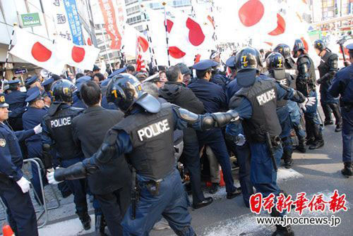 面對(duì)右翼分子的叫囂,“陽(yáng)光城”的華人員工顯得非常沉著冷靜,依然熱情接待來(lái)到這里的每一位客人。在現(xiàn)場(chǎng),日本警方也積極維護(hù)華人不受傷害。右翼分子在講演中攻擊中國(guó)留學(xué)生,一位中國(guó)女留學(xué)生勇敢地站出來(lái),大聲說(shuō):“我是中國(guó)人,是中國(guó)留學(xué)生,你們都是‘右翼垃圾’!”當(dāng)右翼分子要對(duì)這名女學(xué)生動(dòng)手時(shí),警員立即沖過(guò)來(lái)加以保護(hù)。
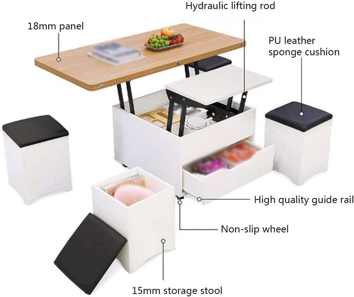 The precision in assembly and attention to ergonomic design truly reflect quality craftsmanship. The hydraulic lift operates smoothly and silently, allowing the tabletop to glide effortlessly to a comfortable height for working, dining, or leisure. The hidden compartments,paired with comfortable PU leather storage stools,showcase thoughtful design marrying function with aesthetics. The build feels sturdy yet refined – a perfect balance for an office or living room centerpiece that will endure daily use without compromising its visual appeal.
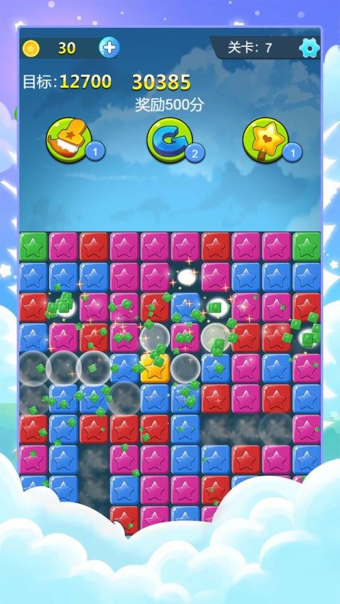 1、动态星星方块系统充满惊喜,特殊星星方块会随机出现在关卡中,收集后可触发全屏特效,配合精心设计的动画效果,带来视觉与玩法的双重享受。
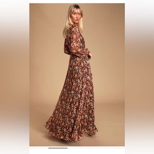 Lulus Autumn Ditsy floral long sleeve wrap maxi dress
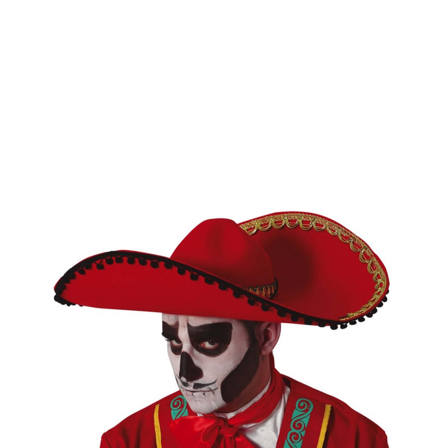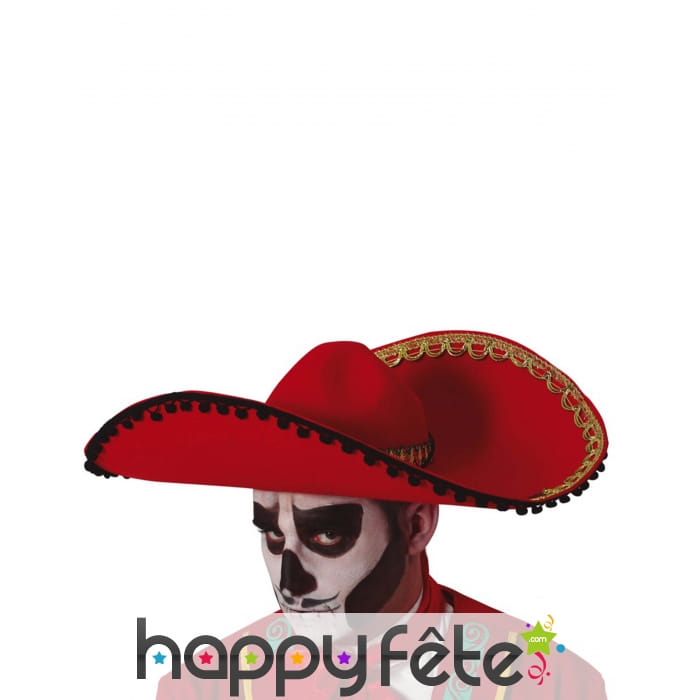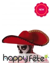 Soyez fin prêt pour le prochain Dia de los muertos en vous parant du sombrero rouge avec liseret noir et or.

:::::

All of the records above must be copied exactly, except for the pictures.

- [RESULT FOR THIS EXERCISE]:
 面對(duì)右翼分子的叫囂,“陽(yáng)光城”的華人員工顯得非常沉著冷靜,依然熱情接待來(lái)到這里的每一位客人。在現(xiàn)場(chǎng),日本警方也積極維護(hù)華人不受傷害。右翼分子在講演中攻擊中國(guó)留學(xué)生,一位中國(guó)女留學(xué)生勇敢地站出來(lái),大聲說(shuō):“我是中國(guó)人,是中國(guó)留學(xué)生,你們都是‘右翼垃圾’!”當(dāng)右翼分子要對(duì)這名女學(xué)生動(dòng)手時(shí),警員立即沖過(guò)來(lái)加以保護(hù)。
 The precision in assembly and attention to ergonomic design truly reflect quality craftsmanship. The hydraulic lift operates smoothly and silently, allowing the tabletop to glide effortlessly to a comfortable height for working, dining, or leisure. The hidden compartments,paired with comfortable PU leather storage stools,showcase thoughtful design marrying function with aesthetics. The build feels sturdy yet refined – a perfect balance for an office or living room centerpiece that will endure daily use without compromising its visual appeal.
 1、动态星星方块系统充满惊喜,特殊星星方块会随机出现在关卡中,收集后可触发全屏特效,配合精心设计的动画效果,带来视觉与玩法的双重享受。
 Lulus Autumn Ditsy floral long sleeve wrap maxi dress
 Soyez fin prêt pour le prochain Dia de los muertos en vous parant du sombrero rouge avec liseret noir et or.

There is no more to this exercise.